Standing in for sickened Emanuel Ax in February 2005, Siirala gave a sensational debut recital at the Cologne Philharmonie. According to the newspaper Kölner Stadt-Anzeiger “His recital will be remembered as one of the most outstanding events of this season”. Stepping in for indisposed famous colleagues seemed to be his brand mark throughout the season 2006/07: whether replacing Hélène Grimaud for concerts with the SWR-Sinfonieorchester Freiburg/Baden-Baden under Gielen with his musically expressive but symphonic interpretation of Brahms’ 2nd piano concerto, or Ivo Pogorelich at the Schumannfest Düsseldorf, Michail Pletnev at the Maggio Musicale or Yefim Bronfman with the Bamberg Symphony under Blomstedt, playing Brahms’ 1st piano concerto: everywhere press and audience were enthusiastic about his playing. Blomstedt even invited him to join him at the Baltic Sea Festival the same season and the Bamberg Symphony re-invited him to come back for four concerts with his compatriot Pietari Inkinen in November 2007.
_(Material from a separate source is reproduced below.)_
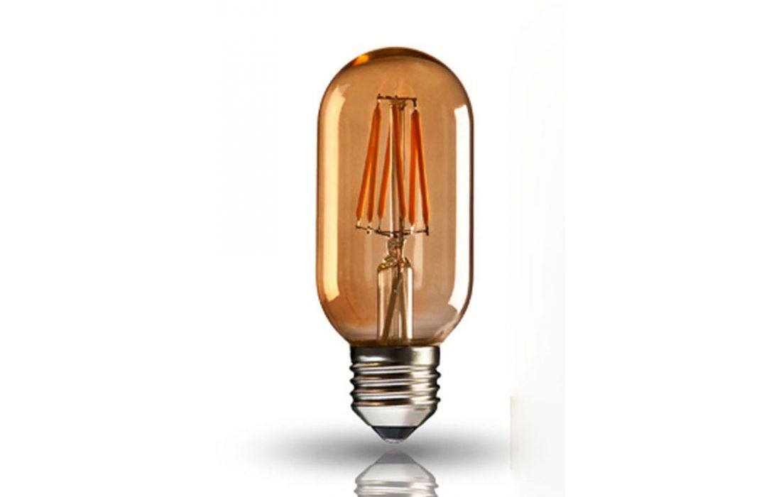 Lâmpada vintage LED regulável T45 6W. Luz cálida. Vidro de cor âmbar, filamento interior de LED. 400 lm. 2.480 K. Feixe de luz de 360°. Para casquilho E27.

Highlights of the season 2009/2010, for instance, were concerts with the WDR Sinfonieorchester Köln under Semyon Bychkov and the City of Birmingham Symphony Orchestra. In October 2009 Antti Siirala gave his celebrated debut with the San Francisco Symphony Orchestra under Osmo Vänskä and was re-invited immediately. In April 2010 he performed as one of four pianists (next to Pierre-Laurent Aimard, Lang Lang and Martin Helmchen) in the piano series of the Berliner Philharmoniker. In August 2010 Antti Siirala played with the Mostly Mozart Orchestra under Osmo Vänskä at Lincoln Center New York.
Antti Siirala's debut with the Philharmonia Orchestra under Salonen at the sold out 2010/11 opening concert of the Konzerthaus Dortmund was a great success and was celebrated by the audience with standing ovations. In April 2011 Siirala will also make his debut with the Tonhalle Orchestra Zurich under the baton of Xian Zhang.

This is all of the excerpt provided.